11 thoughts on “Debating Tolkien’s Magnum Opus

  1. This is a good and unusual way to think about this question. I guess I am inclined to divide a couple of ways of thinking about magnum opus:
    1. Reception (what people buy and read)
    2. Literary Quality (what seems to be the strongest literary work)
    3. Vocation (what the author has(d) set his/her heart upon most)
    4. Canon (what is the most enduring work)

    In my world of C.S. Lewis, #1 would be Narnia. But when I think of Lewis’ “best” work (#2), I would have trouble, but working between Till We Have Faces, Perelandra, and The Great Divorce. None of these were very popular. But for #3, it was (I think) Perelandra that he loved.
    Still, perhaps his #4 category would be his literary history, particularly the 16th c. book, or even his Preface to Paradise Lost. Or maybe Mere Christianity, which might be read after every other book has turned to dust, even though it isn’t “great” in any real sense.

    So, Tolkien:
    1. LOTR would be the magnum opus
    2. Well, here we are. For me it would be the Beren & Luthien works, though I love the literature of LOTR.
    3. That has to be the Silmarillion, but I will say a “yes but” below
    4. It will be LOTR, though his most important work might turn out to be his Beowulf work, who knows? We are too close.

    On #3, the author’s heart, when I think of Silmarillion as his work of the heart, I still find myself tugged out to the whole mythology. And I think this is where JRRT is unusual, in that his corpus is a single whole–including much of his literary historical work. I think his magnum opus has to be the totality–and Christopher Tolkien has dedicated his life to this for that purpose.

    That’s my thought–so not a disagreement, but a twist of thought.

    1. Such a fantastic reply Brent! Thanks for posting 🙂 I guess I agree with you on the points you raised.

      I’m glad you brought C.S. Lewis as an example. I’ve read many of Lewis’ books and (Surprised by Joy and The Screwtape Letters are favourites of mine). I cannot speak too much about him as I’ve only ready the first three books of Narnia and have just started the first chapters of The Space Trilogy (which I’m loving!), but I would agree that his was most probably Narnia.
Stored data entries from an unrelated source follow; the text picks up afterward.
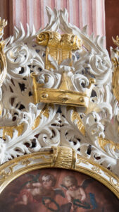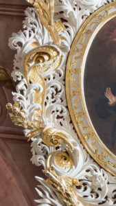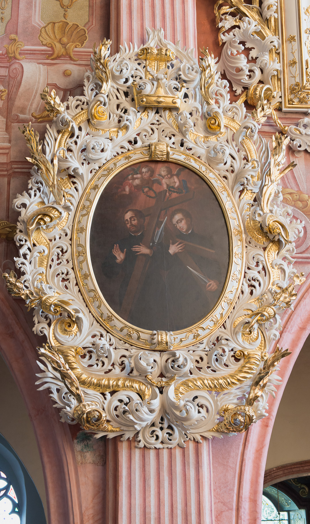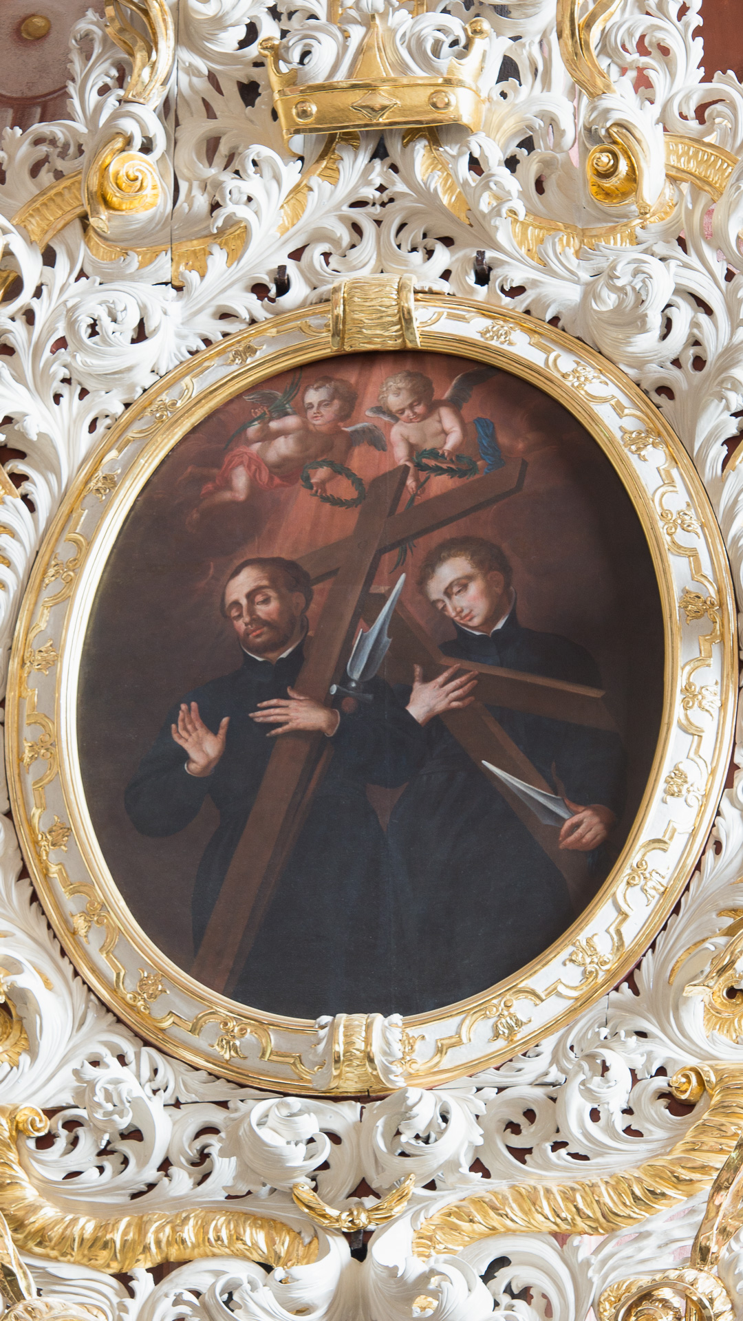 Опис: Овальне зображення містить зображення двох японських єзуїтів, мучеників, зображених із знаряддями тортур. Ідентифікація фігури є гіпотетичною та базується на її віці, ймовірно, зліва (з боку глядача): св. Яків Кісай з бородою та св. Іоанн де Гото – перший на момент спільного мучеництва був набагато старшим. Тло коричневе, однорідне, освітлене лише вгорі, освітлене променями, з контуром хмар. Мученики стоять поруч, вони зображені фронтально, з колін вгору. У верхній частині обидві фігури трохи оживлені, що підкреслюється рухом рук і нахилом голів в праву (геральдично) сторону, дещо під іншим кутом. Святі по-різному тримають в руках масивні бронзові хрести та списи з дерев’яними древками та металевими, полірованими, сіро-блакитними лезами. Святий ліворуч тримає хрест лише лівою рукою, права піднята вільно, вертикально вгору, на висоті грудей. Обличчя обох фігур зображені строго реалістично, але вони позбавлені будь-яких рис східноазіатської фізіономії. Чоловік ліворуч від поля зображення старший і зріліший, його овальне обличчя обрамлене короткою щетиною, а молодий чоловік має більш тонкі, трохи загострені риси обличчя; коротке волосся обох чоловіків і щетина святого ліворуч коричневі. В обох святих опущені повіки; їх колір обличчя блідо-рожевий. Одягнені в єзуїтські габіти, чорні, з відкритими комірами, що відкривають краї комірів білих нижніх сорочок; рукава габітів довгі та вузькі, на кінцях деяких помітних подолів білої білизни. Над головами обох святих, на освітленій частині тла, зображено два літаючих ангели, вкриті рожево-блакитними драпіровками на поясі, зі світлим волоссям, які тримають у руках вінки та пальми. Частково ажурна рамка. У загальному обрисі овал, злегка витягнутий по вертикальній осі. У верхній частині оздоблення рами дещо вигадливіше, має характер накінчення, у центрі якого видно вінець. Каркас внизу вирізаний прямо. Виготовлений із симетричних багатошарових переплетень джгутика аканта білого кольору шліфованого ґрунту, з різким укладанням (але ще не в’яне). Описані переплетення збагачені мотивами, повністю або частково золотими: профільовані смуги (деякі в композиціях, характерних для так званих регентських орнаментів, із колокольчиками), ділянки зібраної стрічки різної ширини, переважно кручені (з волютними закінченнями), самостійні волюти. , пальмове листя, лаврові гілки та ріг достатку. Верх рамки підкреслено подвійною гофрованою стрічкою, яка утворює волюту.
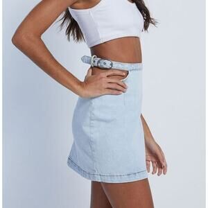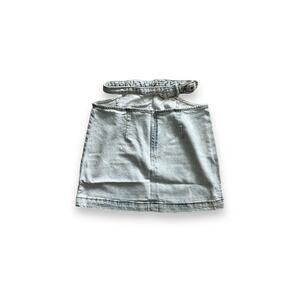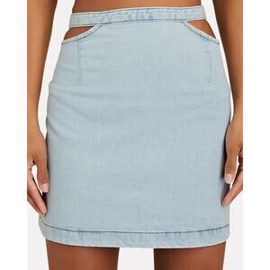 New WeWoreWhat Cut Out Mini Skirt Denim Super Light Blue Comfort Indigo Wash XS
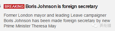 曾经是能源大臣的Amber Rudd接替梅姨本人成为新的内政大臣,以后留学生和移民归她管了... 然后大新闻就来了!约翰逊·鲍里斯成为外交大臣!!这大概将成为世界上画风最为清奇的外交部长...梅姨就这么让他成为英国的脸面,也是出其不意防不胜防。 而在这之前,鲍里斯背叛了卡梅伦成为脱欧派主角,然后在大功告成之后被好基友Gove背叛宣布不会竞选首相。我们和英国媒体都以为鲍里斯的政治生涯已经完了...
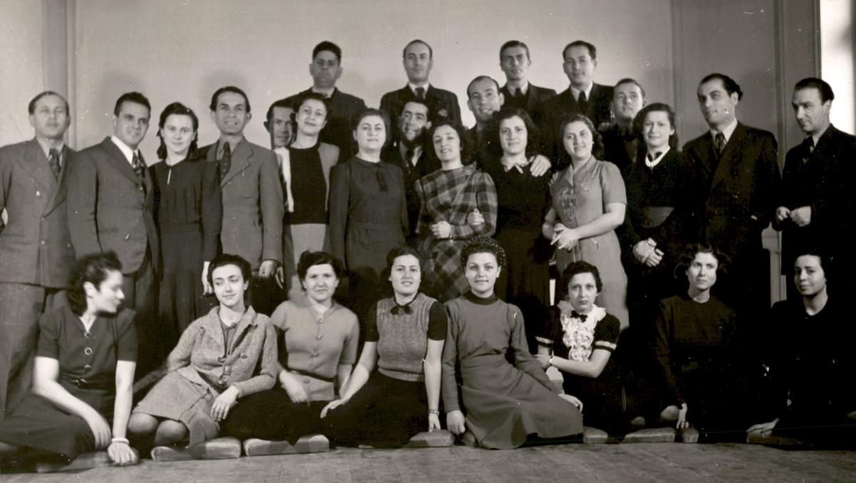 Μέλη της Χορωδίας της Λυρικής Σκηνής σε αναμνηστικό στιγμιότυπο. Κάτω στο κέντρο διακρίνεται η Ανθή Ζαχαράτου.

  2. This was a very deep post, and I have to say that I agree. And I believe that the word ‘epic’ does not do the Lord of the Rings and The Hobbit and The Silmarillion justice. They deserve a greater word, but what that word is I do not know.

  3. Thanks for the post, James!

    I think Tolkien’s magnum opus is Middle-Earth itself. All of its works are contained in the same universe, continuity, and canon. It’s not particularly a traditional book series, or even a series at all. Tolkien’s world, his legendarium in the context of all of its works is such an inspiring and incredible feat, it has to be his magnum opus. I’m not sure if a group of works can be regarded as someone’s “masterpiece”, so correct me if I’m wrong!

  4. Well said Brent. I think Tolkien himself would have agreed – after all it’s really all one story, one history as Sam himself said on the stairs of Cirith Ungol.

    The first time I read the Silmarillion – which I bought on it’s initial release date, I found it difficult to read, much more so than LOTR. And I thought to myself that it read like the Old Testament does when compared to the New Testamen. Brief descriptions of events and genealogies. Less cohesive, less descriptive, less dialogue. And very hard to absorb as a result. I had trouble figuring out where the plot was going or even if there was a plot.

    It took a few more readings and some epiphanies before the relationship of the two works and the magnitude of the whole Middle Earth saga became clearer to me. Today I would agree that the link between them creates a “whole” that is bigger than either half – even if both stand perfectly well on their own. We can never thank Christopher Tolkien enough for giving the world access to the Silmarillion. Through his effort the world got the chance to know what perhaps only HE knew at the time; that his father’s Magnum Opus was neither the LOTR nor the Silmarillion. It’s both.